ネットワークジッターテストで分かる遅延の原因と改善方法
ネットワークジッターテストで確認できる遅延のばらつきを、症状・原因・判断方法・改善策の順で整理。光回線、プロバイダー、ルーター、Wi-Fiの切り分けに役立つ実践的な見方をまとめます。
ネットワークジッターテストは、通信の遅延がどれだけ安定しているかを確認するための手段です。Pingの平均値が低くても、ばらつきが大きいと音声通話やオンライン会議、ゲーム、クラウド作業では体感が悪くなります。単なる速度不足ではなく、遅延の揺れを見て原因を切り分けることが重要です。
ネットワークジッターテストで何を確認するか
ジッターは、パケットごとの到着時間のばらつきを指します。下り速度や上り速度が十分でも、ジッターが大きいと映像が途切れたり、通話音声が不安定になったりします。まずはPingの数値だけで判断せず、遅延の安定性を一緒に見ることが基本です。
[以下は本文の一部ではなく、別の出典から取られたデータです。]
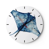 Reloj de pared - Reloj de vidrio - Manta raya azul marino en estilo acuarela sobre fondo blanco - 30x30cm - La vida en azul - Decoración de pared moderna para salón, cocina y dormitorio ARTTOR

特に日本の光回線では、時間帯や宅内機器の状態で体感が変わることがあります。ネットワークジッターテストは、こうした変動の原因を見つける入口になります。
ジッターが大きくなる主な原因
回線の混雑
夜間や休日に遅延が増える場合は、回線の混雑が疑われます。利用者が集中すると、同じ光回線でも応答が遅れやすくなり、Pingのばらつきが増えます。NTT系や各プロバイダーの網内混雑が関係することもあるため、時間帯比較が有効です。
Wi-Fiの電波干渉
2.4GHz帯の混雑、壁や家具による減衰、電子レンジなどの干渉は、Wi-Fi接続時のジッターを増やします。速度は出ていても瞬間的な遅延が増えるため、無線だけ不安定に見えることがあります。
ルーターやONUの処理負荷
古いルーター、同時接続台数の多さ、ファームウェア不具合は、パケット処理の遅れを生みます。特に家族の動画視聴や大きなアップロードが重なると、ルーターの待ち行列が長くなり、Pingの揺れが目立ちます。
宅内配線や接続方式の問題
LANケーブルの劣化、接触不良、古いハブの利用は、再送を増やして遅延を不安定にします。さらに、PPPoE接続の混雑や、ルーター設定の影響で応答が揺れることもあります。
上りの占有とバックグラウンド通信
クラウド同期、動画投稿、OS更新、バックアップが動いていると、上り帯域が埋まりやすくなります。上りが詰まると下りの体感まで悪化する場合があり、ジッターの増加として表れます。
症状から原因を見分ける方法
まず、Pingを複数回測って平均値とばらつきを確認します。平均が低いのに一部だけ大きく跳ねるなら、混雑や無線干渉の可能性が高くなります。常に高いなら、回線方式や機器性能を疑います。
次に、有線接続とWi-Fi接続を比較します。有線で安定し、Wi-Fiだけ揺れるなら宅内無線の問題です。逆に有線でも不安定なら、回線側やルーター設定、上流の混雑を見ます。
さらに、昼と夜で結果を比較します。夜だけ悪化するなら混雑要因が強く、終日不安定なら機器や配線の影響が濃くなります。
改善の進め方
最初に行うべきなのは、Wi-Fiの改善です。ルーターの置き場所を見直し、5GHz帯を優先し、必要ならチャネルを変更します。電波状況が悪い部屋では、中継機やメッシュWi-Fiも有効です。
次に、ルーターの再起動、ファームウェア更新、LANケーブルの交換を行います。特に古い機器を使っている場合は、処理性能の不足がジッターの原因になりやすいです。
上り通信が原因なら、クラウド同期や大容量アップロードを止めて再測定します。改善が見えるなら、QoS設定や通信時間の調整で再発を抑えやすくなります。
時間帯による悪化がはっきりしている場合は、プロバイダーや回線事業者への相談を検討します。測定結果を残しておくと、状況説明がしやすくなります。
測定時に注意したいポイント
測定は1回で判断せず、複数回・複数時間帯で行うことが重要です。速度テストだけでなく、Ping、遅延、ジッターをあわせて確認すると、問題の輪郭が見えやすくなります。
また、測定中は動画視聴や大きなダウンロードを止めると、純粋なネットワーク品質を見やすくなります。別の端末でも同じ傾向が出るか確認すると、端末固有の問題も切り分けやすくなります。
相談すべきケース
有線でもWi-Fiでもジッターが大きく、再起動や設定変更でも改善しない場合は、回線側の調査が必要です。光回線の終端装置、プロバイダー網、地域の混雑など、宅内では触れない要因が残ります。
オンライン会議や音声通話で実害が出ているなら、測定結果を添えて相談すると対応が進みやすくなります。下り速度の数字だけではなく、遅延の安定性を示すことがポイントです。